■ ACTION ITEM:
Each line from the one with "Download this time" through the last line of the material is to be printed exactly; no other line and no picture belongs in the copy.

■ RECORDED INFORMATION:
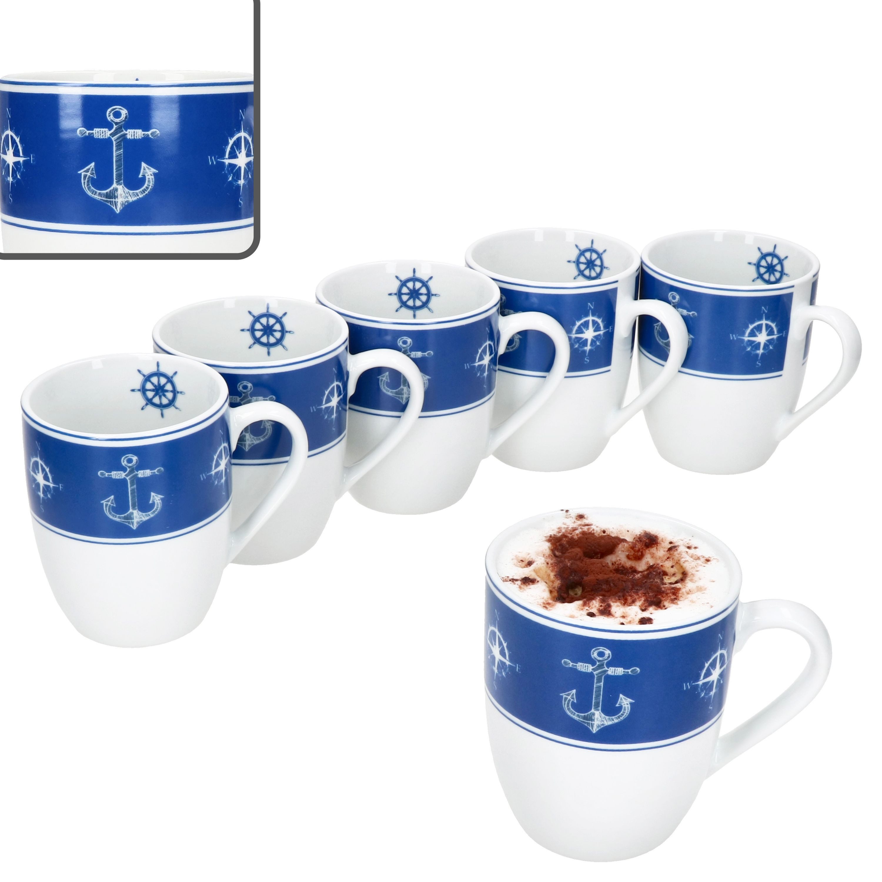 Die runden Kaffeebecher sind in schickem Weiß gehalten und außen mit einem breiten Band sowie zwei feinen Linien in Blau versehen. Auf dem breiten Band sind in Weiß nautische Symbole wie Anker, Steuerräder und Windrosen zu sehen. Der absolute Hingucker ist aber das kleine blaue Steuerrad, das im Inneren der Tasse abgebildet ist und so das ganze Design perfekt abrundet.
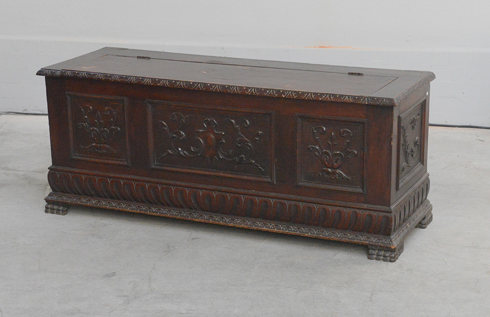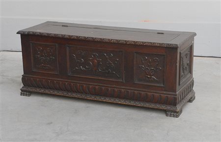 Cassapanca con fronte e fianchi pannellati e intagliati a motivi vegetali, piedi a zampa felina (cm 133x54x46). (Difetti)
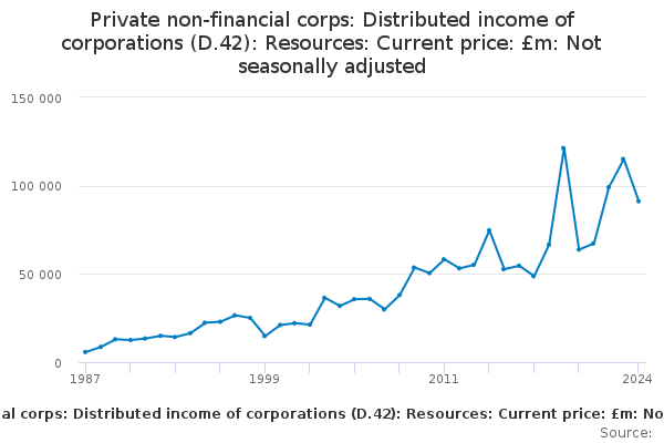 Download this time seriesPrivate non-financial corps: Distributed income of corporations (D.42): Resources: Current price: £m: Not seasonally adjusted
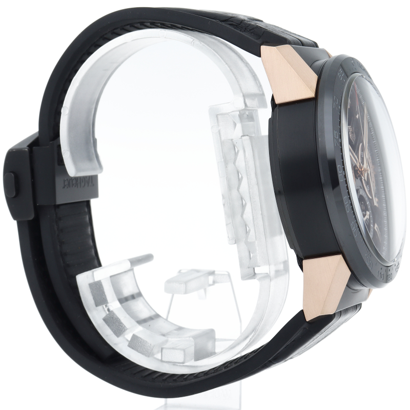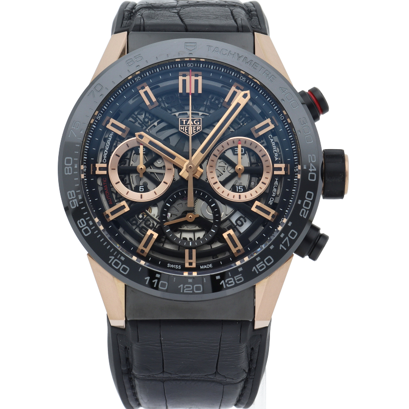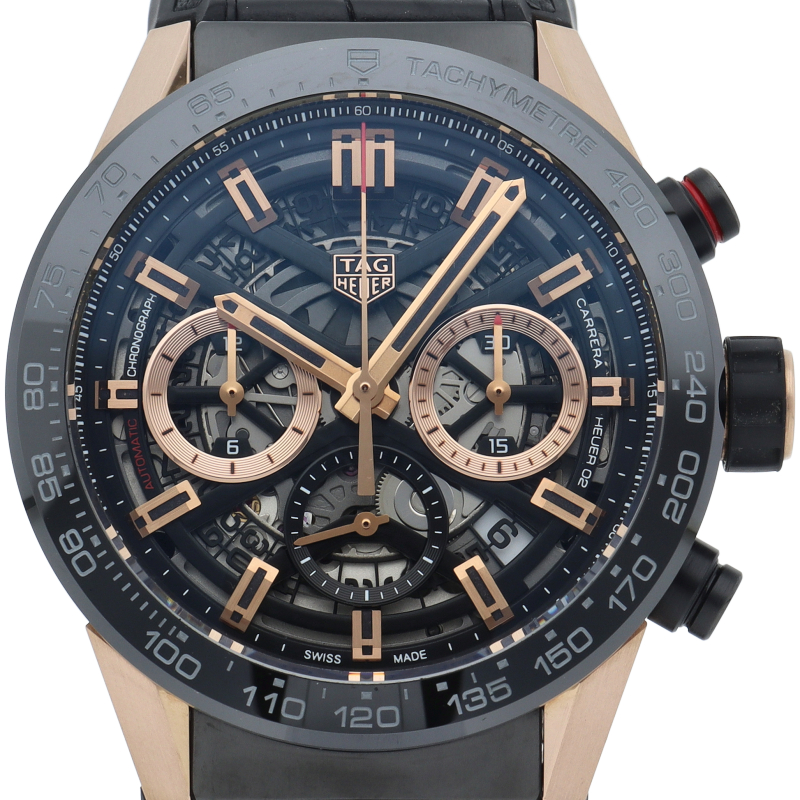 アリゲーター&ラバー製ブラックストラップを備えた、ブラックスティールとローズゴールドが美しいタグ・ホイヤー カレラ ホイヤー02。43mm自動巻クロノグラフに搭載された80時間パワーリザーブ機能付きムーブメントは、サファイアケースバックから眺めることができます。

■ PROBLEM SOLUTION:
 Download this time seriesPrivate non-financial corps: Distributed income of corporations (D.42): Resources: Current price: £m: Not seasonally adjusted
 アリゲーター&ラバー製ブラックストラップを備えた、ブラックスティールとローズゴールドが美しいタグ・ホイヤー カレラ ホイヤー02。43mm自動巻クロノグラフに搭載された80時間パワーリザーブ機能付きムーブメントは、サファイアケースバックから眺めることができます。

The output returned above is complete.